PRIMARY OBJECTIVE: The primary objective is to determine the frequency of increased HER
family of receptor tyrosine kinases protein expression in tumors, following treatment with
neoadjuvant endocrine therapy and their correlation with Ki-67 tumor responses. The team will
measure cancer cell protein levels of growth factor receptors of the human epidermal growth
factor receptor (HER) family before and after neoadjuvant endocrine therapy. The data will be
used to inform a future randomized trial of combined endocrine and the most promising
anti-HER targeted therapy.
Trial Arms
Name | Type | Description | Interventions |
---|
Neoadjuvant endocrine therapy treatment (physician's choice) | Experimental | Once enrolled, patients would be treated with the current standard-of-care endocrine therapy. Choice of endocrine therapy (aromatase inhibitors or tamoxifen) would be decided by medical oncologist, following a review of the patient's medical history and menstrual status. The patient would be treated with endocrine therapy in a neoadjuvant setting for four weeks, with dosing continuing until surgery. | - Anastrozole
- Letrozole
- Exemestane
- Tamoxifen
|
Eligibility Criteria
Inclusion Criteria:
- Female; age ≥18 years.
- Pathologically proven diagnosis of invasive breast cancer, clinically stage I-II.
- Clinically lymph node negative, confirmed by clinical exam and/or ultrasound imaging.
- Estrogen- and/or progesterone-receptor-positive tumor, defined ≥1% positively staining
cells by immunohistochemistry, according to the current American Society of Clinical
Oncology (ASCO)/College of American Pathologists (CAP) guidelines.

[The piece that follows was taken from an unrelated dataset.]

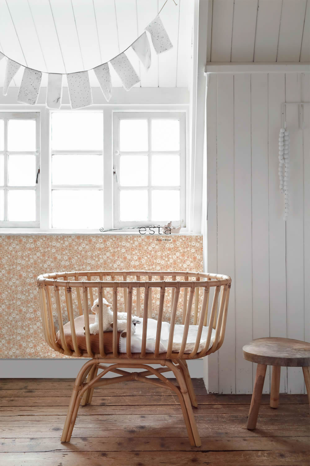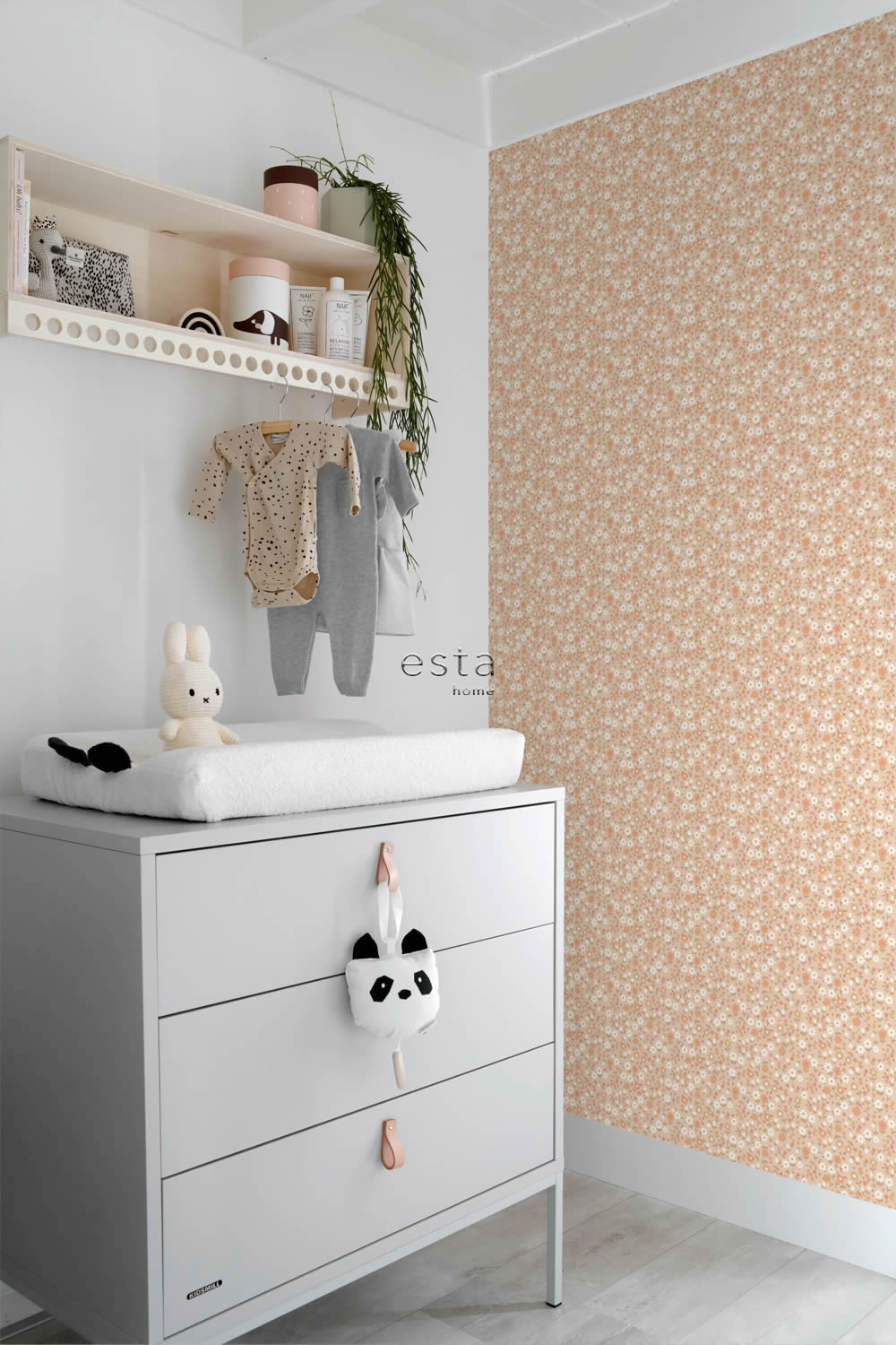 Mit der Blümchen Vliestapete von Esta Home zieht ein fröhliches und zugleich sanftes Blumenmuster ins Haus, das perfekt für Babyzimmer, Kinderzimmer oder Spielräume geeignet ist. Auf einem dezenten Hintergrund in Creme und Beige verteilen sich kleine Blüten in Apricot, Orange und Weiß, die wie ein blühender Garten wirken. Die feinen Details der Blumen schaffen ein lebendiges Bild, das zugleich harmonisch und beruhigend wirkt. So entsteht eine Atmosphäre, die Wärme, Geborgenheit und Verspieltheit ausstrahlt und sich ideal für Räume eignet, in denen Kinder aufwachsen, spielen und träumen. Das Muster wirkt freundlich und belebend, ohne den Raum zu überladen, wodurch es sich sowohl für großflächige Wände als auch für Akzentflächen eignet. Mit einer Rollenbreite von 0,53 Metern und einer Länge von 10,05 Metern bietet die Tapete flexible Gestaltungsmöglichkeiten. Der versetzte Ansatz von 8,8 Zentimetern sorgt dafür, dass das Muster gleichmäßig und harmonisch wirkt. Die Oberfläche ist glatt und matt, was den zarten Charakter der Tapete noch unterstreicht und für ein angenehmes Raumgefühl sorgt. Dank der modernen Wandklebetechnik ist das Anbringen unkompliziert, da der Kleister direkt auf die Wand aufgetragen wird. Auch im Alltag überzeugt die Tapete durch ihre praktischen Eigenschaften. Sie ist waschbeständig und damit leicht zu reinigen, was sie gerade für Kinderzimmer besonders geeignet macht. Zudem ist sie gut lichtbeständig, sodass die frischen Farben auch bei Sonnenlicht ihre Leuchtkraft behalten. Sollte eine Umgestaltung gewünscht sein, lässt sich die Vliestapete trocken und restlos von der Wand abziehen, ohne Rückstände zu hinterlassen. Mit diesem Design gelingt eine fröhliche und dennoch sanfte Wandgestaltung, die den Raum optisch vergrößert und mit Leichtigkeit erfüllt.

- HER2/neu must be negative by immunohistochemistry (IHC) or fluorescence in situ
hybridization (FISH).
- Eastern Cooperative Oncology Group (ECOG) performance status 0-2.

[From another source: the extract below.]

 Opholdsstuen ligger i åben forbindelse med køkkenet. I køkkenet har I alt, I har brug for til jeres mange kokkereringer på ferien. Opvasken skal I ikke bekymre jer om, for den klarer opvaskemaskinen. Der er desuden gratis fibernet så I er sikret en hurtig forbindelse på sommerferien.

- Pretreatment evaluations (minimum diagnostic workup) within 28 days prior to study
- Qualify for anti-endocrine treatment (per medical oncologist).
- Informed consent provided.
- If history of contralateral breast cancer, patient completed all treatment two years
prior
- No treatment for this breast cancer or any malignancy within two years (except
non-melanomatous skin cancer, carcinoma in situ of the cervix and contralateral breast
cancer)
- Using adequate methods of contraception; negative pregnancy test.
- No strong CYP2D6 inhibitors.
- Adequate organ function with baseline lab values.
- Absolute neutrophil count (ANC) ≥ 1500/µL.
- Hemoglobin (Hb) ≥ 9g/dL.
- Platelet count ≥ 100,000/µL.
- Alanine aminotransferase (ALT) and aspartate aminotransferase (AST) ≤ 3x upper
limit of normal (ULN).
- Serum bilirubin within ≤ 1.5 x ULN.
Exclusion Criteria:
- American Joint Committee on Cancer (AJCC) clinical T4, N1-3 or M1, breast cancer.
- Synchronous non-breast malignancy (exceptions include non-melanomatous skin cancer,
carcinoma in situ of the cervix).
- Purely noninvasive breast cancer (i.e., ductal carcinoma in situ, lobular carcinoma in
situ).
- Men with breast cancer.
- Medical, psychiatric or other condition that would prevent the patient from receiving
the protocol therapy or providing informed consent.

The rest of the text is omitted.